At the same time, however, the Rule of Law should not be sold short. At a minimum, it requires courts to read legislation ― even emergency legislation ― carefully, and not to find in it powers beyond those actually given by legislatures. But, more than that, the principle of legality suggests that when a legislature wants to interfere with the ideal of the Rule of Law, it must at least understand what it is doing and even, perhaps, be prepared to pay the political price for it.

Author: Leonid Sirota

Law nerd.
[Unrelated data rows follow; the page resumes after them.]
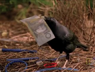 Çaresiz kuş, etrafta bulduğu şişe kapağından diş fırçasına, pipetten kaleme çok sayıda eşyayı dişisinin önüne taşıyor. Dişi kuş ise, para ve anahtar bile getiren erkeğine bana mısın demiyor.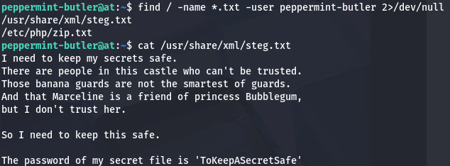 This doesn’t work to extract anything with a blank passphrase so I go back to enumerating internally, looking for any files owned by our current account. This grants me a steg.txt file under the /usr/share/xml directory which gives us the passphrase to use on the picture.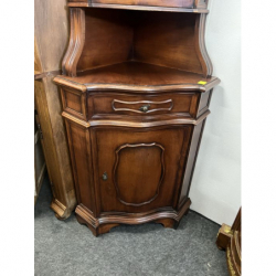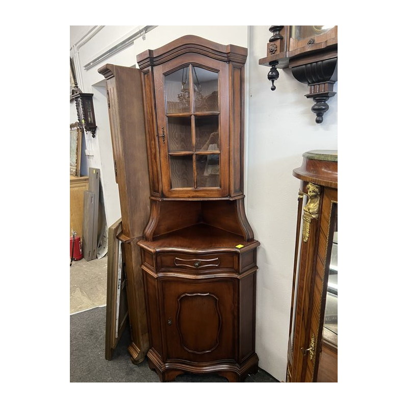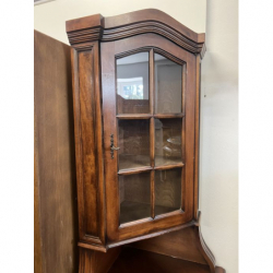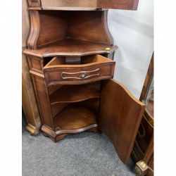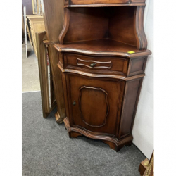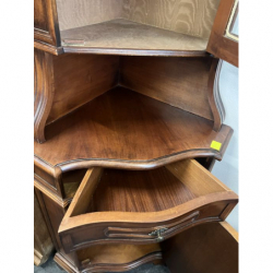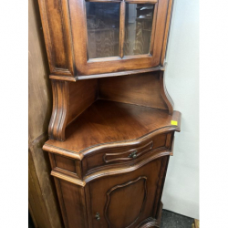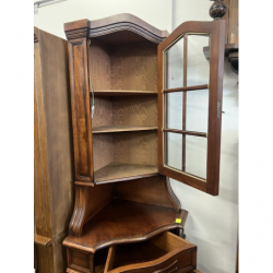 Wykonany z drewna, posiada szklane drzwiczki oraz szufladę.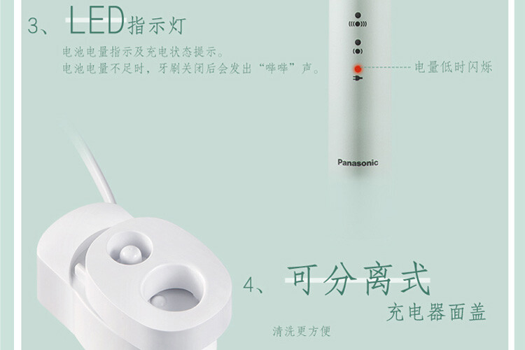 電池電量指示及充電狀態提示。電池電量不足時,牙刷關閉後會發出“嗶嗶”聲。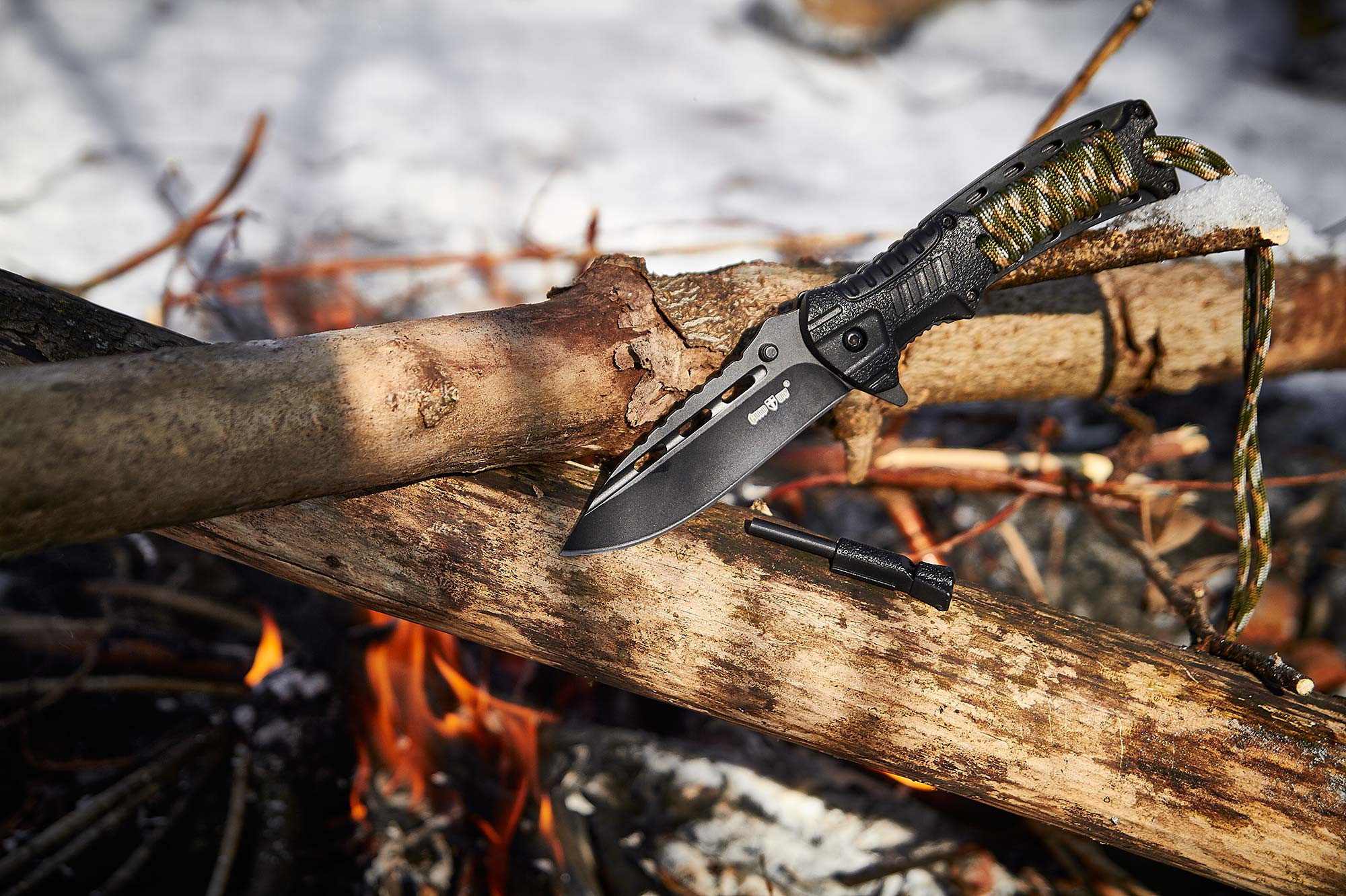 Главной же особенностью этого складного ножа является то, что в комплект с ним входит небольшое огниво для получения открытого огня. Это приспособление современного типа, изготовленное из мишметалла – ферроцерия. С его помощью вы без труда организуете себе костер, не опасаясь, что вам повредят сырость и намокание.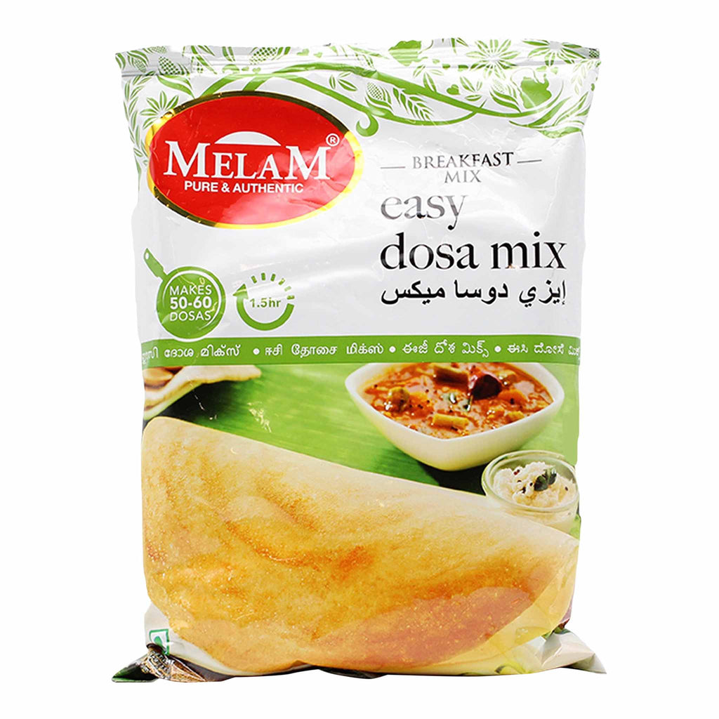 Melam easy instant dosa mix is a combination of semolina (cream of wheat) and ground rice. These thin, crepe-like pancakes are filled or eaten with spicy potato fillings. Dosa mixes are much more convenient because they save soaking and grinding time. This same mix can also be used to make thicker pancakes called uttappam, which the batter is mixed with chopped onions and green chillies before cooking. Enjoy this with coconut chutney or sambar.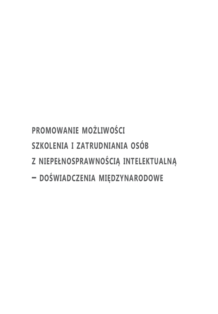 promowanie możliwości szkolenia i zatrudniania osób z niepełnosprawnością intelektualną – doświadczenia międzynarodowe POLSKIE FORUM OSÓB NIEPEŁNOSPRAWNYCH promowanie możliwości szkolenia i zatrudniania osób z niepełnosprawnością intelektualną – doświadczenia międzynarodowe T revor R. P armenter ILO promowanie możliwości szkolenia i zatrudniania osób z niepełnosprawnością intelektualną ... Niniejsza publikacja została oryginalnie wydana przez International Labour Office (ILO) z siedzibą w Genewie, tytuł oryginalny: Promoting Training and Employment Opportunities for People with Intellectual Disabilities: International Experience. Copyright © by International Labour Organization, 2011 Polish translation copyright © by Polskie Forum Osób Niepełnosprawnych, 2013 Przetłumaczono i opublikowano za zgodą właściciela praw autorskich. Sformułowania wykorzystane w publikacjach ILO, zgodne z praktykami stosowanymi w Organizacji Narodów Zjednoczonych, oraz prezentacja materiału w nich zawartego nie stanowią opinii International Labour Office dotyczących stanu prawnego w jakimkolwiek państwie, obszarze lub terytorium ani nie są opiniami International Labour Office na temat władz państw lub granic terytoriów objętych rządami danych władz. Odpowiedzialność za opinie wyrażone w badaniach i innych pracach spoczywa wyłącznie na autorach tych prac, a ich publikacja nie stanowi wsparcia i aprobaty dla takich opinii ze strony International Labour Office. Odniesienia do nazw firm, produktów i procesów komercyjnych nie oznaczają wsparcia i aprobaty dla takich produktów i procesów ze strony International Labour Office, a brak takich odniesień do nazwy firmy, produktu lub procesu komercyjnego nie oznacza dezaprobaty ze strony International Labour Office. ILO nie jest odpowiedzialne za poprawność i kompletność polskiego tłumaczenia, ani za niedokładności, błędy, braki ani konsekwencje wynikające z wykorzystania polskiego tłumaczenia. Tłumaczenie z języka angielskiego: Tomasz Korybski. Tłumaczenia Ustne i Pisemne. Szkolenia Językowe Redakcja i korekta: Agnieszka Jędrzejczak-Sprycha Opracowanie graficzne: Julia Roczan Skład i łamanie: JP ISBN: 978-83-64280-21-4 Wydawca: Polskie Forum Osób Niepełnosprawnych ul. Ogrodowa 28/30 lok. 416 00-896 Warszawa www.pfon.org Publikacja bezpłatna Publikacja zrealizowana w ramach projektu „Trener pracy jako sposób na zwiększenie zatrudnienia osób niepełnosprawnych”. Projekt realizowany przez Państwowy Fundusz Rehabilitacji Osób Niepełnosprawnych w partnerstwie z Polskim Forum Osób Niepełnosprawnych, Polską Organizacją Pracodawców Osób Niepełnosprawnych oraz KARE Promoting Inclusion for People with Intellectual Disabilities z Irlandii. PRZEDMOWA 5 6 T revor R. P armenter promowanie możliwości szkolenia i zatrudniania osób z niepełnosprawnością intelektualną ... 7 W stęp S króty i akronimy W prowadzenie 10 12 15 1.1. I dentyfikowanie osób z niepełnosprawnością intelektualną 22 1. OSOBY Z NIEPEŁNOSPRAWNOŚCIĄ INTELEKTUALNĄ 18 1.1.1. T estowanie ilorazu inteligencji 1.1.2. R amy potrzeb wsparcia 1.1.3. Z naczenie programów zatrudnienia i szkoleniowych 1.1.4. R ozważania dotyczące kultur 1.2. Z dolność do nauki i pracy 1.2.1. N ormalizacja , deinstytucjonalizacja , życie i praca w społeczności 1.2.2. P rzełomowa praca M arca G olda w USA 22 24 24 26 26 27 28 2. WARIANTY ZATRUDNIENIA 30 2.3.1. M odel pracy wspomaganej 2.3.2. M odel enklawy 2.3.3. M odel mobilnego personelu 2.3.4. M odel benchworkowy 2.3.5. P odsumowanie modeli zatrudnienia wspomaganego 37 39 40 41 42 2.1. D zienne ośrodki zajęć 2.2. Z akłady pracy chronionej 2.3. Z atrudnienie wspomagane 2.4. Z atrudnienie dostosowane do potrzeb (C ustomized E mployment – CE) 2.5. S amozatrudnienie , mikroprzedsiębiorstwa 2.6. F irmy społeczne 2.7. P rogram ekonomii społecznej (C ommunity E conomic D evelopment – CED) 2.8. W arianty zatrudnienia – podsumowanie 3. ROZWÓJ INICJATYW W ZAKRESIE ZATRUDNIENIA WSPOMAGANEGO 31 33 36 43 44 46 48 49 50 8 T revor R. P armenter 3.1. K raje o wysokim dochodzie 3.1.1. S tany Z jednoczone 3.1.2. A ustralia 3.1.3. K anada 3.1.4. F inlandia 3.1.5. I rlandia 3.1.6. H olandia 3.1.7. N owa Z elandia 3.1.8. W ielka B rytania 3.1.9. I nne kraje europejskie 3.1.10. P rzykłady z A zji 3.2.1. P rzykłady z A zji 3.2.2. P rzykład z A meryki P ołudniowej 3.3.1. P rzykłady z RPA 3.3.2. P rzykład z Z ambii 3.4.1. B ariery na drodze do uczestnictwa 3.4.2. P rzygotowanie osób z niepełnosprawnością 3.4.3. Z indywidualizowane wsparcie finansowe 3.4.4. I nicjatywy wejścia na rynek pracy absolwentów szkół 3.4.5. C harakterystyka skutecznych programów 3.4.6. C harakterystyka miejsca pracy 3.4.7. R ezultaty 3.4.8. U wagi końcowe promowanie możliwości szkolenia i zatrudniania osób z niepełnosprawnością intelektualną ... 50 50 52 53 54 55 57 59 61 64 65 3.2. K raje o średnim dochodzie 68 3.3. K raje o niskim dochodzie – przykłady z A fryki 70 3.4. C o sprawia , że zatrudnienie włączające jest skuteczne ? 74 4. KROK NAPRZÓD 91 4.1. W skazówki odnośnie do rozwoju polityki 4.1.1. P oziom krajowy 4.1.2. P oziom regionalny 4.2. P odsumowanie B ibliografia i przydatne linki 68 69 71 72 74 75 76 76 78 83 86 90 93 94 96 97 99 spis ramek Ramka 1.1. Kim jesteśmy i czego pragniemy? 19 Ramka 1.2. Głosy osób z niepełnosprawnością intelektualną: Quincy Mwiwa20 Ramka 1.3. Rozwój grup self-adwokatów: Afryka 21 Ramka 2.1. Przejście do zatrudnienia wspomaganego – z pomocą z zewnątrz38 Ramka 2.2. Zatrudnienie wspomagane z „naturalnym wsparciem” 39 Ramka 2.3. Personel mobilny40 Ramka 2.4. CNS Precision Assembly 42 Ramka 2.5. Przykład sukcesu zatrudnienia dostosowanego do potrzeb43 Ramka 2.6 Podstawowe wartości uznawane przez firmy społeczne 47 Ramka 3.1. Historia Wendy Patton 61 Ramka 3.2. Ścieżka ku satysfakcjonującej pracy: Jacqueline Minchin6

I teach public law at the University of Reading, in the United Kingdom. I studied law at McGill, clerked at the Federal Court of Canada, and did graduate work at the NYU School of Law. I then taught in New Zealand before taking up my current position at Reading.

One thought on “Inter vira enim loquuntur leges”

  1. In Evans v A.G., [2015] UKSC 21 at para. 52, drawing on the rule of law, a plurality stated that

    “subject to being overruled by a higher court or (given Parliamentary supremacy) a statute, it is a basic principle that a decision of a court is binding as between the parties, and cannot be ignored or set aside by anyone, including (indeed it may fairly be said, least of all) the executive.”

    The executive was armed with delegated power in that case, and I think considerably more explicit power than is the case under the Quebec statute.

    It would be unfortunate to think that the rule of law and the separation of powers don’t provide at least as much protection in Canada as in the U.K.